Graft rejections can cause serious problems in the body that lead to a collapse in total blood count. Graft failure is treated with another transplant, including a conditioning regimen and an infusion of bone marrow or blood stem cells. During the period between the destruction of the old bone marrow and the production of new blood cells by the transplanted stem cells, the patient may experience neutropenia. Bone marrow replacement can cause neutropenia as a side effect due to the destruction of existing bone marrow and the time it takes for transplanted stem cells to begin producing new blood cells.

Frequently Asked Questions

1.

Is a Bone Marrow Transplant a Serious Procedure?

A bone marrow transplant is a very difficult and dangerous medical operation. It is widely used to treat leukemia and other life-threatening diseases. However, serious hazards such as immune system problems and graft-versus-host disease are associated with the procedure. Specialized care and close observation are essential during the transplant process.

2.

How Long Will a Person Live After Receiving a Bone Marrow Transplant?

The receiver's age, general health, kind of transplant, and underlying ailment being treated are among the variables that affect the survival rate following a bone marrow transplant. After receiving a transplant, the majority of patients go on to spend long, healthy lives. Some achieve long-term remission or even recovery, while others may encounter difficulties and complications that shorten their lives. In recent years, donor matching and medical treatment improvements have led to a notable increase in survival rates. Patients must communicate with their healthcare team about their prognosis and long-term outlook.

3.

Does Cancer Require a Bone Marrow Transplant Only?
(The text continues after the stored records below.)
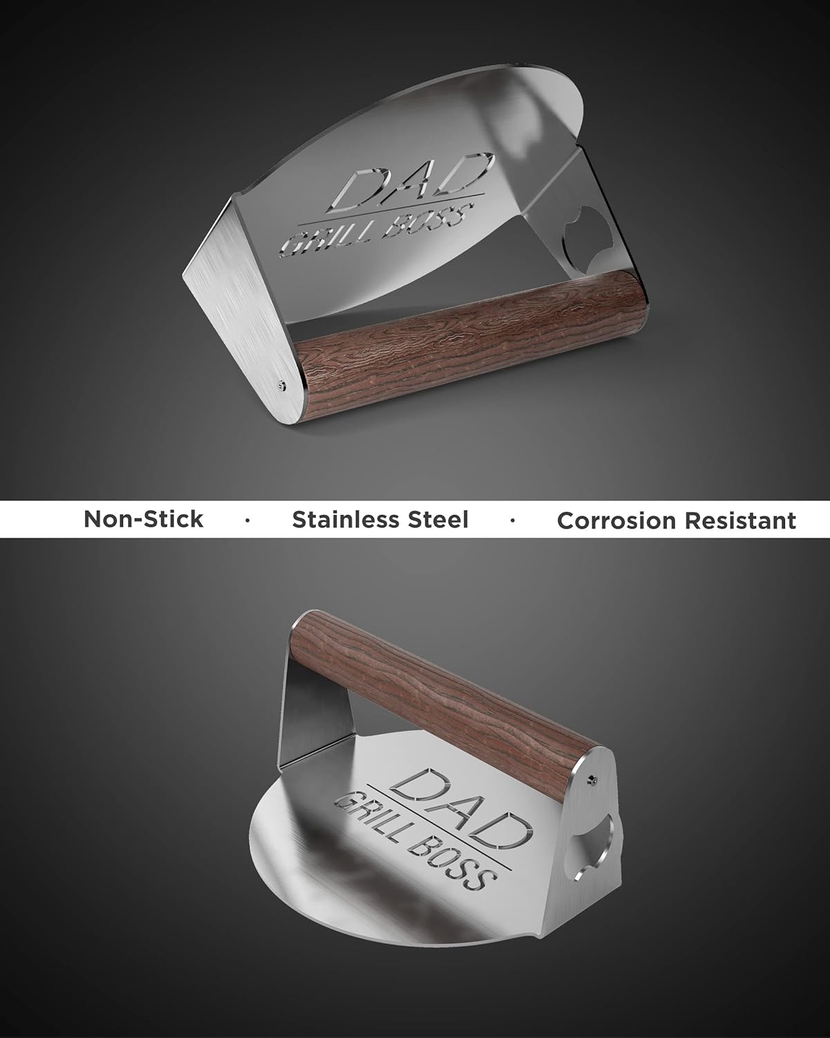 BBQ Press Grilling Gift for DAD The Grill Boss - Stainless Steel Smash Burger Press for Hamburger/Bacon with Wood Handle & Beer Opener (for Christmas, Birthday, Fathers Day)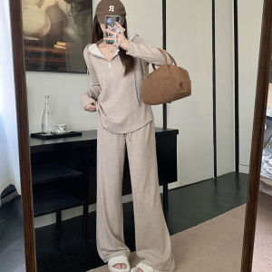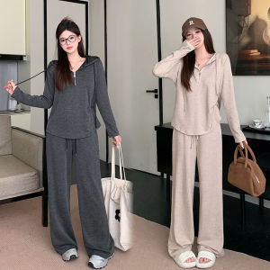 休闲运动服套装女秋新款慵懒风宽松显瘦连帽卫衣时尚阔腿裤两件套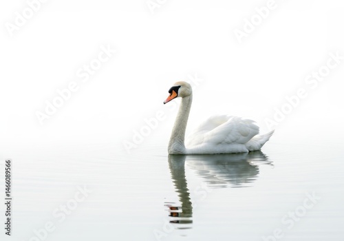 Fototapeta premium A serene white swan swimming gracefully in calm water with a clear reflection against a bright white background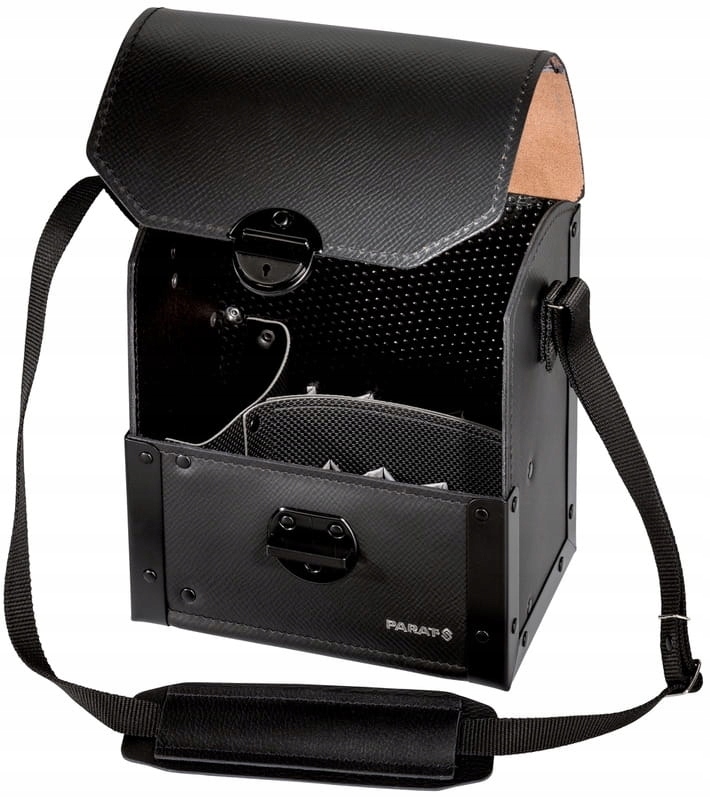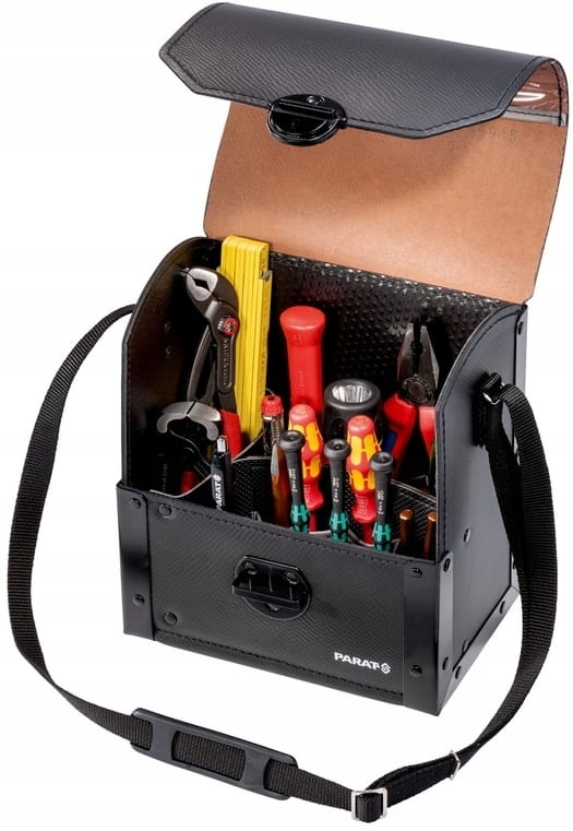 Професійна сумка Parat високого класу для зберігання та транспортування інструментів для електрика або електромонтажника, корисна, наприклад, при виконанні електричних вимірювань. Сумка з натуральної шкіри, внутрішні стінки з водонепроникного матеріалу Con-Pearl® з 17 кишенями для інструментів. 1 прозора пластикова кишеня для документів на внутрішній стороні клапана. Сумка має посилені кути та регульований ремінь.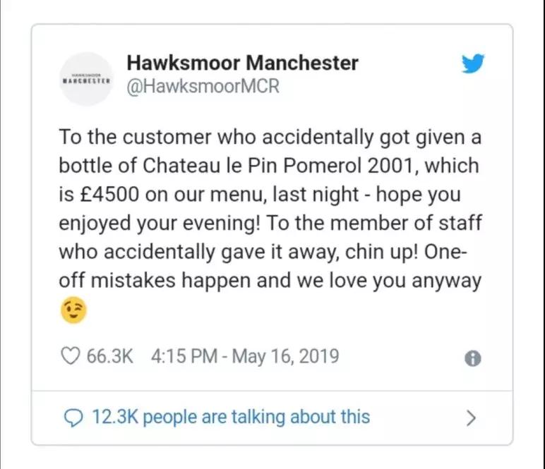 “昨晚意外喝了我們名莊酒的顧客,希望那瓶4500英鎊的2001年里鵬酒莊葡萄酒讓您度過了一個(gè)愉快的夜晚!不小心拿錯酒的那位服務(wù)員,振作起來!人生難免犯次錯,我們依然愛你喲。”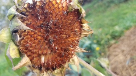 Petit coup d’œil au passage sur les tournesols qui tenaient compagnie aux poireaux sur une des planches. Les fleurs ont été consciencieusement dépouillées de leur graines !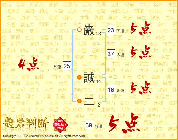 家系が持つ宿命的な運勢を表します。祖先から受け継いだ苗字ですので自分の力が及びません。家柄を象徴します。苗字の合計画数。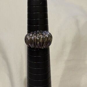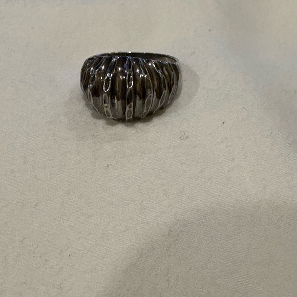 Elegant silver ring with a unique textured design ribbed dome. 4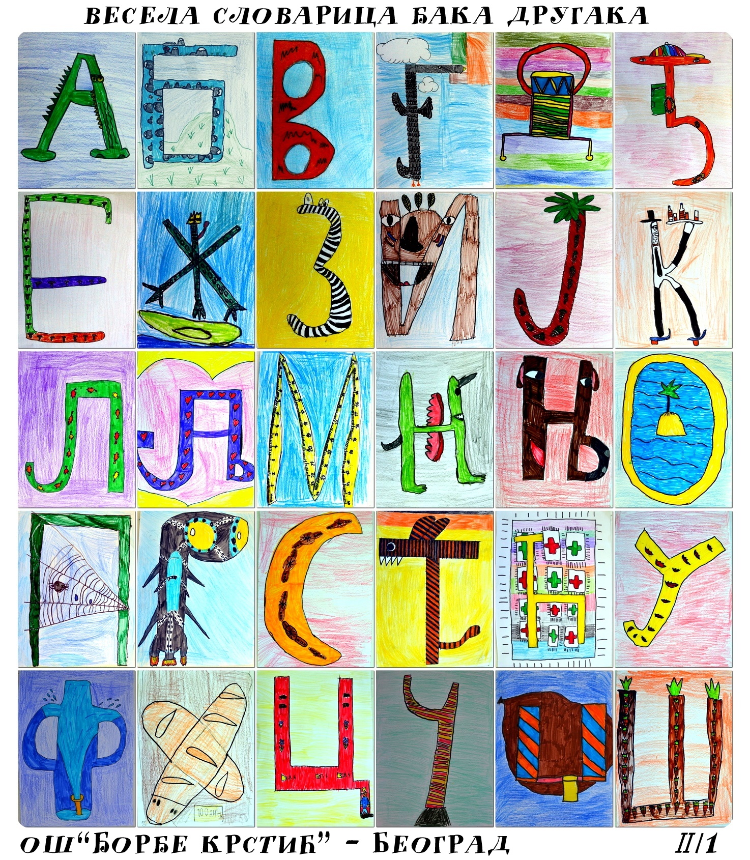 A – алигатор, Б – брдо, В – ватра, Г – голуб, Д – добош, Ђ – ђак, Е – ексер, Ж – жаба, З – зебра, И – индијанац, Ј – јагода, К – конобар, Л – лист, Љ – љубав, М – метар, Н – ној, Њ – њушка, О – острво, П – паук, Р – ракета, С – сат, Т – тигар, Ћ – ћилим, У – усне, Ф – фонтана, Х – хлеб, Ц – цвет, Ч – четка, Џ – џак, Ш – шаргарепа.

A bone marrow transplant is not just used to treat cancer. Although leukemia, lymphoma, and myeloma are among the significant ailments for which it is used, severe aplastic anemia, hereditary immunological abnormalities, and certain metabolic disorders are examples of non-cancerous diseases for which it might be used. The transplant aims to restore normal blood cell production and immunological function by substituting healthy donor cells for damaged or dysfunctional bone marrow.

4.

What Is the Bone Marrow Transplant Success Rate?

The type of transplant, the underlying ailment, the patient's age and health, and the donor's compatibility all significantly impact the success rate of a bone marrow transplant. Success rates for leukemia, lymphoma, and several non-cancerous disorders typically vary from 40 percent to 90 percent; however, recent breakthroughs in supportive care and transplantation techniques have led to improved outcomes. It is crucial to speak with a medical team about each patient's prognosis and success rate in light of their unique situation. 

5.

Is Receiving a Bone Marrow Transplant Worth It?

A person's decision to receive a bone marrow transplant is complicated and unique. It is usually advised when there is the greatest possibility of a cure or a notable improvement in the patient's state, particularly in cases of life-threatening illnesses. The possible benefits must be carefully assessed against the dangers and potential problems, and patients should engage in detailed talks with their healthcare team to make an informed decision.

6.

A Bone Marrow Transplant: How Painful Is It?

Since a bone marrow transplant is usually done under anesthetic, the process itself is not painful. However, during the healing and therapy phases, patients may feel pain, nausea, and exhaustion, among other side effects. The severity of these effects varies based on the patient and the type of transplant. 

7.

What Things Should Patients With Neutropenia Avoid?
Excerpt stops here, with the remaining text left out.